Influence of genetic and environmental factors in peripheral arterial disease natural history: Analysis from six years follow up.

BACKGROUND: Peripheral arterial disease (PAD) is a disease affecting million of patients worldwide. Though traditional cardiovascular risk factors have been associated with the development of PAD, the possible existence of an inherited genetic predisposition to PAD has been investigated in few familial aggregation studies. A link between genetics and PAD may open new avenues for the prevention of this morbid and mortal disorder. AIM: The aim of this study is to investigate a possible role of some genetic determinant involving into coagulation and homocysteine metabolism in the progression of PAD.
MATERIALS AND METHODS: We follow one-hundred patients affected by PAD for six years. We evaluated Ankle-Brachial Index (ABI) two times; first at the time of recruitment and then after six years, in order to assess the progression of disease. Genotypes for the genes of Factor V Leiden, Prothrombin or Factor II G20210A, Cystathionine Beta-Synthase 844ins68bp and Methylenetetrahydrofolate Reductase C677T was ascertained after taking blood samples.
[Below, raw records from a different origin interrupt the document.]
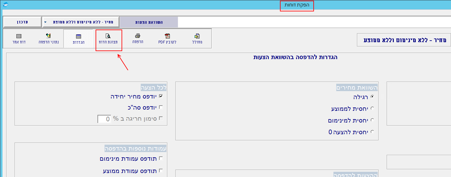 8. נפתח המסך “הפקת דוחות”. ללחוץ על “תצוגת הדוח”: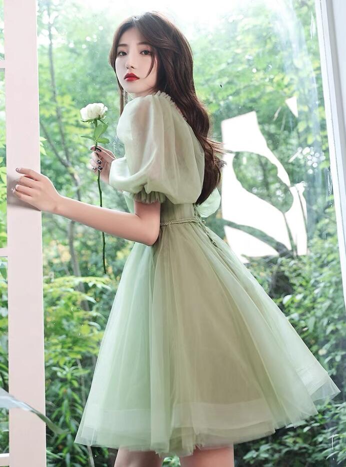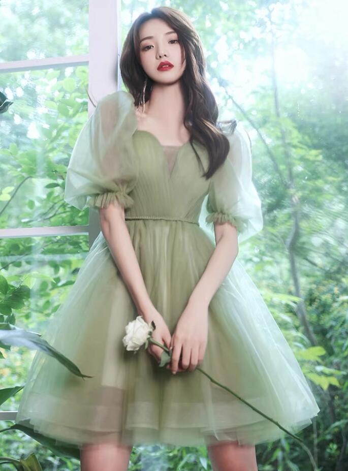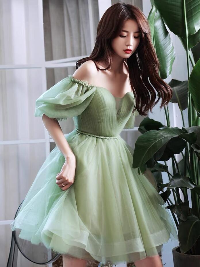 Cute Off shoulder Tulle Green Short Homecoming Dresses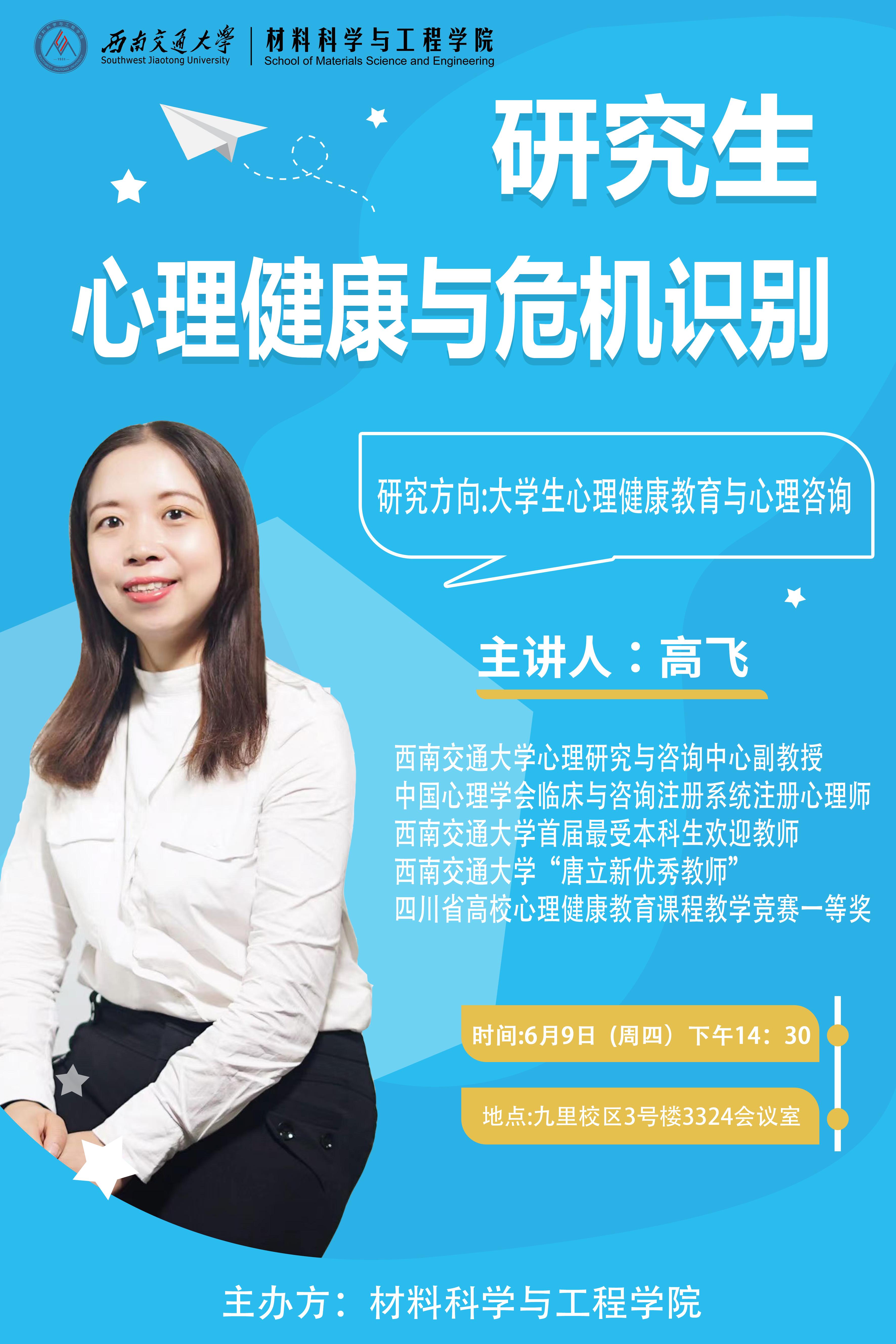 为帮助学院教师加强心理健康教育知识储备,做好研究生心理健康教育工作,全面提高学院人才培养工作水平,2022年6月9日下午,今日看料
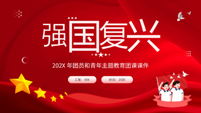 强国复兴202X年团员和青年主题教育团课课件汇报:XXX时间:202X 强国复兴专题,我们将深入学习党的二十大关于全面建成社会主义现代化强国、以中国式现代化全面推进中华民族伟大复兴的战略部署和领导人的相关重要论述,学习了解新时代新征程党和国家事业发展的目标任务,深刻理解中国式现代化是强国建设、民族复兴的唯一正确道路。前言导读党的二十大关于全面建成社会主义现代化强国、以中国式现代化全面推进中华民族伟大复兴的战略部署01领导人重要文章《中国式现代化是强国建设、民族复兴的康庄大道》中强调02新时代新征程党和国家事业发展的目标任务03深刻理解中国式现代化是强国建设 民族复兴的唯一正确道路04目录PART 01党的二十大关于全面建成社会主义现代化强国、以中国式现代化全面推进中华民族伟大复兴的战略部署党的二十大关于全面建成社会主义现代化强国、以中国式现代化全面推进中华民族伟大复兴的战略部署全面建成社会主义现代化强国,总的战略部署安排是分两步走01从2020年到2035年基本实现社会主义现代化;01从2035年到本世纪中叶把我国建设成富强民主文明和谐美丽的社会主义现代化强国未来五年是全面建设社会主义现代化国家开局起步的关键时期经济实力、科技实力、综合国力大幅跃升,人均国内生产总值迈上新的大台阶,达到中等发达国家水平;实现高水平科技自立自强,进入创新型国家前列;建成现代化经济体系,形成新发展格局,基本实现新型工业化、信息化、城镇化、农业现代化;基本实现国家治理体系和治理能力现代化,全过程人民民主制度更加健全,基本建成法治国家、法治政府、法治社会;建成教育强国、科技强国、人才强国、文化强国、健康中国,国家文化软实力显著增强; 人民生活更加幸福美好,居民人均可支配收入再上新台阶,中等收入群体比重明显提高,基本公共服务实现均等化农村基本具备现代化生活条件,社会保持长期稳定,人的全面发展、全体人民共同富裕取得更为明显的实质性进展;广泛形成绿色生产生活方式,碳排放达峰后稳中有降,生态环境基本好转,美丽中国目标基本实现;国家安全体系和能力全面加强,基本实现国防和军队现代化。党的二十大关于全面建成社会主义现代化强国、以中国式现代化全面推进中华民族伟大复兴的战略部署 到2035年,我国发展的总体目标是党的二十大关于全面建成社会主义现代化强国、以中国式现代化全面推进中华民族伟大复兴的战略部署中国式现代化01是中国共产党领导的社会主义现代化• 既有各国现代化的共同特征,更有基于自己国情的中国特色。02是人口规模巨大的现代化• 我国十四亿人口整体迈进现代化社会,规模超现有发达国家人口总和,艰巨性、复杂性前所未有,发展途径和推进方式必然具有自身特点。党的二十大关于全面建成社会主义现代化强国、以中国式现代化全面推进中华民族伟大复兴的战略部署03是全体人民共同富裕的现代化• 共同富裕是中国特色社会主义的本质要求,也是一个长期的历史过程。我们坚持把实现人民对美好生活的向往作为现代化建设的出发点和落脚点,着力维护和促进社会公平正义,着力促进全体人民共同富裕,坚决防止两极分化。04是物质文明和精神文明相协调的现代化• 物质富足、精神富有是社会主义现代化的根本要求。我们不断厚植现代化的物质基础,不断夯实人民幸福生活的物质条件,同时大力发展社会主义先进文化,加强理想信念教育,传承中华文明,促进物的全面丰富和人的全面发展。党的二十大关于全面建成社会主义现代化强国、以中国式现代化全面推进中华民族伟大复兴的战略部署05是人与自然和谐共生的现代化• 人与自然是生命共同体,我们坚持可持续发展,坚持节约优先、保护优先、自然恢复为主的方针,坚定不移走生产发展、生活富裕、生态良好的文明发展道路,实现中华民族永续发展。06是走和平发展道路的现代化• 我国不走一些国家通过战争、殖民、掠夺等方式实现现代化的老路。那种损人利己、充满血腥的老路给广大发展中国家人民带来深重苦难。我们坚定站在历史正确的一边,站在人类文明进步的一边,高举和平、发展、合作、共赢旗帜,在坚定维护世界和平与发展中谋求自身发展,又以自身发展更好维护世界和平与发展。党的二十大关于全面建成社会主义现代化强国、以中国式现代化全面推进中华民族伟大复兴的战略部署中国式现代化的本质要求坚持中国共产党领导,坚持中国特色社会主义实现高质量发展,发展全过程人民民主丰富人民精神世界,实现全体人民共同富裕促进人与自然和谐共生,推动构建人类命运共同体,创造人类文明新形态PART 02领导人重要文章《中国式现代化是强国建设、民族复兴的康庄大道》中强调领导人重要文章《中国式现代化是强国建设、民族复兴的康庄大道》中强调要把中国式现代化的中国特色转变为成功实践,把鲜明特色变成独特优势,需要付出艰巨努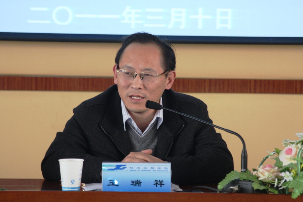 最后,学院院长王瑞祥作了讲话。王瑞祥院长指出,学院的党建工作一定要紧紧围绕学院发展和人才培养展开。在新机制、新模式下,学院的党建工作要不断探索创新,更新观念,全体党员要坚定学院发展的信念,同时坚持培育精神。王瑞祥院长要求全体教职工在工作中抓作风、抓学习、抓落实,以领导作风带动机关作风,进而带动教风和学风建设;加强学习,向书本学习、向他人学习、向实践学习;同时,坚持“实”字当头,用量化的标准抓好各项工作落实。王瑞祥院长希望全体教职工党员能够充分发挥模范带头作用,对学生严慈并重,注重人文关怀,释放爱心,关爱学生,细致深入的做好学生教育管理工作。同时在全院营造公正公平公开的环境,促进学院各项事业和谐有序发展。

Chi-square test was performed to determinate the possible correlation of these genes and the most common environmental factors in the progression of PAD.
RESULTS: Genetic disorders resulting in high level of homocysteina or thrombophilic phenotype are not so frequent. None among the genetic factors we considered were correlated with PAD.
CONCLUSION: PAD is a chronic disease whose course can be slowed down especially with the control of environmental risk factors. Genetic analyses are not useful to determine the disease progression or its tendency to remain stable.

INTRODUCTION

Peripheral artery disease (PAD) is a chronic obstruction of the arteries of the lower extremities. In most cases the stenosis is due to the development of atherosclerotic plaques within the vessel. PAD could be considered a marker of widespread atherosclerosis, in fact the presence of the disease is a marker of future cardiovascular events.[1] With the growing elderly population, there is a significant increase in the burden of PAD. This disease affects from 12 to 20% of American >65 years old.[2] Clinical manifestations of PAD are wide and present the disease progression. They include an asymptomatic stage and a symptomatic one ranging from Intermittent claudication (IC) to critical limb ischemia with rest pain, ulcers or gangrene. Quality of life of people suffering of IC is reduced especially in terms of mobility and level of independence.[3] Although 3-6% of 60-70 years old men in western countries suffers from Intermittent claudication,[4] the majority of patients with PAD are asymptomatic. For this reason PAD remains under-recognized by clinicians and the real prevalence of the disease remains unknown,[5] in particular among patients classified at intermediate or low cardiovascular risk according to the current risk scores.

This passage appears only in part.